CS 274A Homework 6: Mixture Models and Clustering
Probabilistic Learning: Theory and Algorithms, CS 274A, Winter 2024

Instructions and Guidelines for Homeworks
• Please answer all of the questions and submit your solutions to Gradescope (either hand-written or typed are fine as long as the writing is legible).
• All problems are worth equal points (10 points) unless otherwise stated. All homeworks will get equal weight in computation of the final grade for the class (with lowest-scoring homework being dropped).
• The homeworks are intended to help you better understand the concepts we discuss in class. It is important that you solve the problems yourself to help you learn and reinforce the material from class. If you don’t do the homeworks you will likely have difficulty in the exams later in the quarter.
• In problems that ask you to derive or prove a result you should submit a complete mathematical proof (i.e., each line must follow logically from the preceding one, without “hand-waving”). Be as clear as possible in explaining your notation and in stating your reasoning as you go from line to line.
• If you can’t solve a problem, you can discuss the high-level concepts verbally with another student (e.g., what concepts from the lectures or notes or text are relevant to a problem). However, you should not discuss any of the details of a solution with another student. In particular, do not look at (or show to any other student) any written material directly related to the homeworks, including other students’ solutions or drafts of solutions, solutions from previous versions of this class, etc. The work you hand in should be your own original work.
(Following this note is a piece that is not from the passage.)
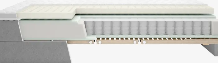 Elevationsseng 180×200 cm med trådløs fjernbetjening. 1 madras med indbygget elevationsbund og pocket-fjedre 267/m², polstret med koldskum og purskum. Madrassen er inddelt i 7 komfortzoner, hvilket giver en unik, ergonomisk korrekt støtte. 1 topmadras, 8 cm tyk med praktisk snit i hovedenden. Med denne topmadras undgår du mellemrummet mellem sengene og snittet giver komplet og fuldstændig fri bevægelighed i hovedenden. Madrassen har kerne af åndbar latex, som effektivt leder overskydende varme væk. Vaskbart strækbetræk med blød, kraftig quiltning. Ekskl. gavl og ben/meder.

• If you need to you can look up standard results/definition/identities from textbooks, class notes, textbooks, other reference material (e.g., from the Web). If you base any part of your solution on material that we did not discuss in class, or is not in the class notes, or is not a standard known result, then you may want to rovide a reference in terms of where the result is from, e.g., “based on material in Section 2.2 in .....” or a URL (e.g., Wikipedia).
General Instructions for Homework 6
• Required reading is the Note Set 7 on Mixture Models and the EM Algorithm on the class Web page. Optional additional reading in the Murphy text (Book 1, 2022) is Chapter 21.3 on K-means, Chapter 8.7.2 on the EM Algorithm in general, and Chapter 8.7.3, on EM for Gaussian mixture models.
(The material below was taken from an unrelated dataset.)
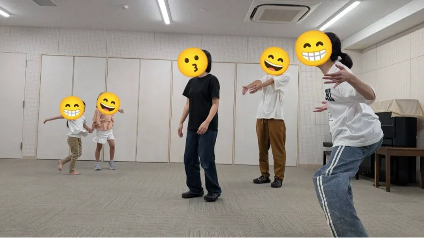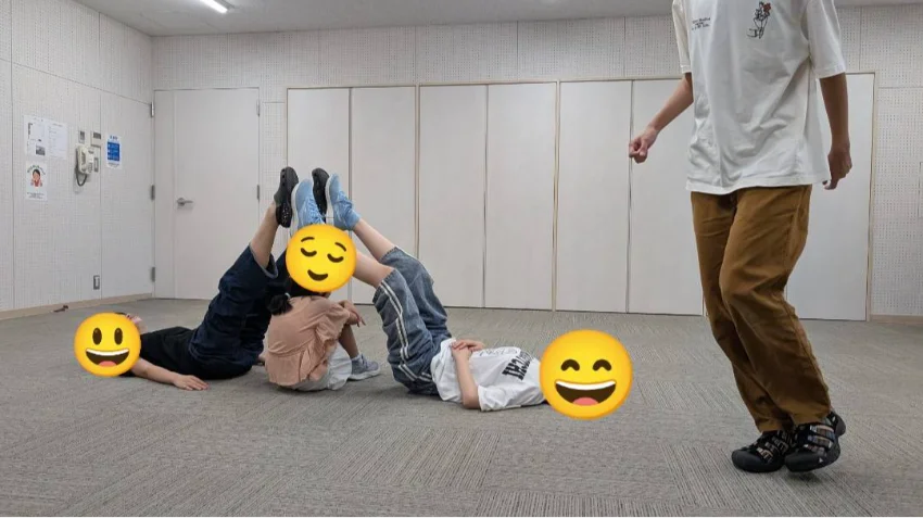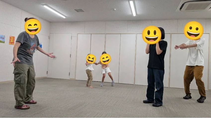 そのあと、子どもたちで考えて顔に貼り付けて走る遊びになっていました^^

• This homework includes quite a bit of programming. If you take it step by step it is straightforward, but be sure to start working on this well in advance of the deadline. See the last page of the homework for instructions on what to submit.
• In addition to the data, the homework directory includes two subdirectories with sample code and templates, one for Python and one for Matlab, to help you get started. K-Means and Gaussian Mixture Learning
Data Sets
There are 3 data sets for experimentation: all are two-dimensional so that you can visualize the results. The data format is one data vector per row, each column corresponds to a feature. The data sets are available from the class Web page. You should read the data into your Python/R/Matlab/etc environment and plot some scatter plots, before you do any clustering, just so that you have an idea of what the data sets look like in 2-d. The directory for the homework on the class Web page contains some Python and Matlab scripts for plotting the data and model parameters to help get you started.
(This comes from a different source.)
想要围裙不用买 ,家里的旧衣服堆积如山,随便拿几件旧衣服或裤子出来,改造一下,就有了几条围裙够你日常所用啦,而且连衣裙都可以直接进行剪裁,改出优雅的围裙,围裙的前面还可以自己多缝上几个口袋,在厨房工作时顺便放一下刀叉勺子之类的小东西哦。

1. Data set 1: this is 2d data simulated from 2 Gaussians, with a fair degree of overlap. The first 800 points belong to 1 Gaussian, the 2nd 800 to the other Gaussian.
2. Data set 2: this is 2d data simulated from 3 Gaussians, with considerable overlap. There are 500 points from each Gaussian, with rows ordered by class in the file.
3. Data set 3: this a real 2d data set from a past collaboration with Professor Christine McLaren, De partment of Epidemiology, UCI. Each data point represents an individual person: one group is normal healthy people, the other has iron deficient anemia (so the true value of K is 2). The two measurements on each individual are their mean red blood-cell volume and their mean hemoglobin concentration.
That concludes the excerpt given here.